• DATASET CONTENT
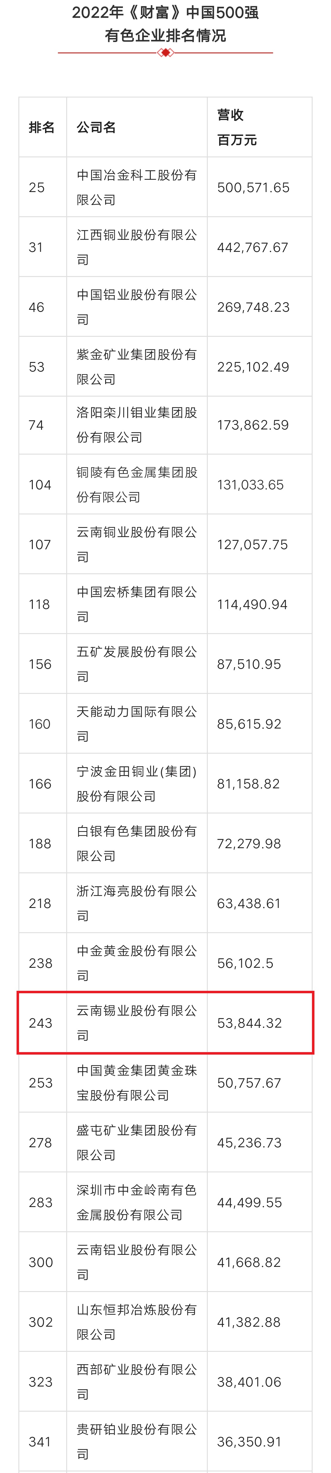 錫業(yè)股份上榜2022年《財富》中國500強位列243名
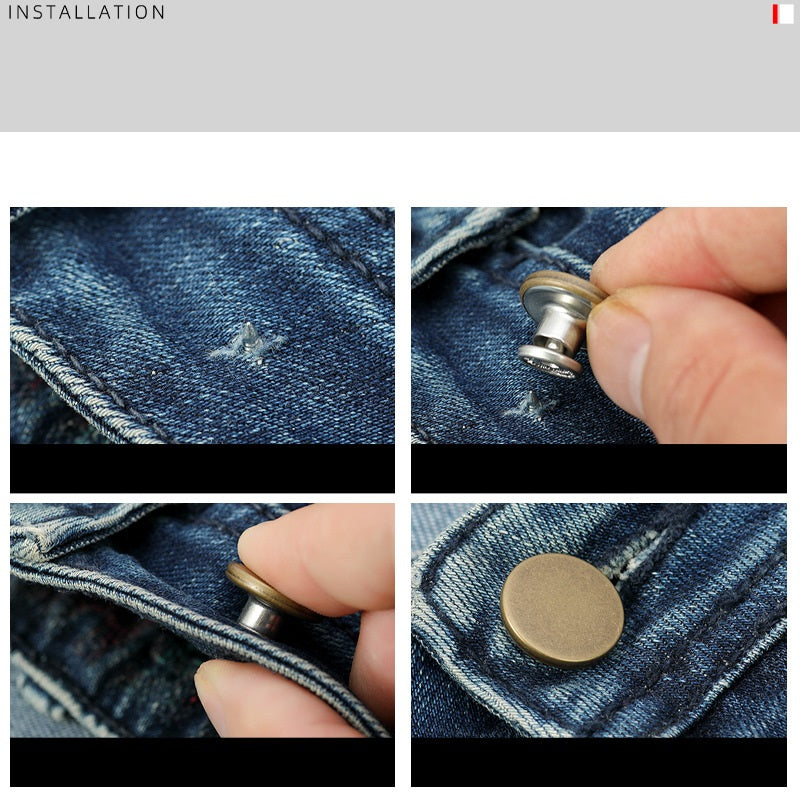 Ať už potřebujete trochu více místa nebo těsnější střih, tento nastavitelný kovový knoflík na džíny v pase je perfektní doplněk. Vylepšete své džíny a užijte si snadno přizpůsobený střih.
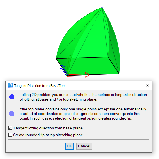 A direção tangente pode ser selecionada para loft a partir do plano base ou do plano de topo. Isto vai provocar que as arestas das superfícies na base e no topo tenham normais perpendiculares ao plano normal. A direção tangente pode ser selecionada independentemente para os planos de base e do topo.
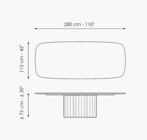 In the Dorian modern oval dining table, flexible qualities and geometric simplicity establish an interplay through contrast. The large top - made of ceramic, marble or wood - rests on a base with a striking sculptural character, consisting of an elegant and surprising elongated cylinder that recalls the shape of a Greek column and which pushes the design towards ancient architectural horizons.

• TASK ITEM
Without including any picture, repeat the data exactly.

• OUTPUT
 錫業(yè)股份上榜2022年《財富》中國500強位列243名
 Ať už potřebujete trochu více místa nebo těsnější střih, tento nastavitelný kovový knoflík na džíny v pase je perfektní doplněk. Vylepšete své džíny a užijte si snadno přizpůsobený střih.
 A direção tangente pode ser selecionada para loft a partir do plano base ou do plano de topo. Isto vai provocar que as arestas das superfícies na base e no topo tenham normais perpendiculares ao plano normal. A direção tangente pode ser selecionada independentemente para os planos de base e do topo.
 In the Dorian modern oval dining table, flexible qualities and geometric simplicity establish an interplay through contrast. The large top - made of ceramic, marble or wood - rests on a base with a striking sculptural character, consisting of an elegant and surprising elongated cylinder that recalls the shape of a Greek column and which pushes the design towards ancient architectural horizons.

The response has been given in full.